_The input:_
□ □ □ □ □

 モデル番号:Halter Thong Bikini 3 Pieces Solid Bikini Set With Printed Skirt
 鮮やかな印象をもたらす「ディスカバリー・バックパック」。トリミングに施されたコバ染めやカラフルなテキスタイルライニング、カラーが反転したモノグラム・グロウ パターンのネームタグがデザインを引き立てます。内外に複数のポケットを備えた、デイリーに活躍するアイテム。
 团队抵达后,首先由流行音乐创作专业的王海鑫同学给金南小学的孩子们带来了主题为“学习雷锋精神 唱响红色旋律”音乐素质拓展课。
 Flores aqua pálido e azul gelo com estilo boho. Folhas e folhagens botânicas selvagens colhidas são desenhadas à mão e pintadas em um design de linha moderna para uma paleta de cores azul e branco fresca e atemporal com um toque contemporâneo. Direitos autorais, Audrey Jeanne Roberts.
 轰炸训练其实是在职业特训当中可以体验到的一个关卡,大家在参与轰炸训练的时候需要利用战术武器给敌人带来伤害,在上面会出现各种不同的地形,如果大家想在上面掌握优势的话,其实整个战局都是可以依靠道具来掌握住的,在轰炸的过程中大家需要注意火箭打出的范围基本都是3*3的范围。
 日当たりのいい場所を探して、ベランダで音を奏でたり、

□ □ □ □ □

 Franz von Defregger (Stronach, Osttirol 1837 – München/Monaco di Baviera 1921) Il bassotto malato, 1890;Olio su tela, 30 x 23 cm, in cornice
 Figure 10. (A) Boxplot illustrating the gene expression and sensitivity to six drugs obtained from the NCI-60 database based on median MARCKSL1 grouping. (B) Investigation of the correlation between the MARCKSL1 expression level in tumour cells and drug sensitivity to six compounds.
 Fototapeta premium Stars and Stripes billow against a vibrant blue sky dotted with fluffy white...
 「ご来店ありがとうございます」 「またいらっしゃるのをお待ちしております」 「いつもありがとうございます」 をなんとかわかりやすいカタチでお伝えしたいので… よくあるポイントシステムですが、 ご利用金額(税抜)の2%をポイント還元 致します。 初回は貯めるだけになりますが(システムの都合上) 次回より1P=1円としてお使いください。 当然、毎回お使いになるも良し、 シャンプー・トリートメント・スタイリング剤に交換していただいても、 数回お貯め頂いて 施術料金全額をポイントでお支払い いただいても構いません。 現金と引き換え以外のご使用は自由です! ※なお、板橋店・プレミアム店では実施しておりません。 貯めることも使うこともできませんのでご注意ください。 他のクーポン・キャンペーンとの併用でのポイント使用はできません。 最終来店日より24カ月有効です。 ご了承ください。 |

□ □ □ □ □

_Task details:_ Using the entries above, repeat only the lines from the one containing "鮮やかな印象をもたらす「ディ" through the one containing "日当たりのいい場所を探して、ベランダで音を奏でたり、", end lines included.

_Written answer:_
 鮮やかな印象をもたらす「ディスカバリー・バックパック」。トリミングに施されたコバ染めやカラフルなテキスタイルライニング、カラーが反転したモノグラム・グロウ パターンのネームタグがデザインを引き立てます。内外に複数のポケットを備えた、デイリーに活躍するアイテム。
 团队抵达后,首先由流行音乐创作专业的王海鑫同学给金南小学的孩子们带来了主题为“学习雷锋精神 唱响红色旋律”音乐素质拓展课。
 Flores aqua pálido e azul gelo com estilo boho. Folhas e folhagens botânicas selvagens colhidas são desenhadas à mão e pintadas em um design de linha moderna para uma paleta de cores azul e branco fresca e atemporal com um toque contemporâneo. Direitos autorais, Audrey Jeanne Roberts.
 轰炸训练其实是在职业特训当中可以体验到的一个关卡,大家在参与轰炸训练的时候需要利用战术武器给敌人带来伤害,在上面会出现各种不同的地形,如果大家想在上面掌握优势的话,其实整个战局都是可以依靠道具来掌握住的,在轰炸的过程中大家需要注意火箭打出的范围基本都是3*3的范围。
 日当たりのいい場所を探して、ベランダで音を奏でたり、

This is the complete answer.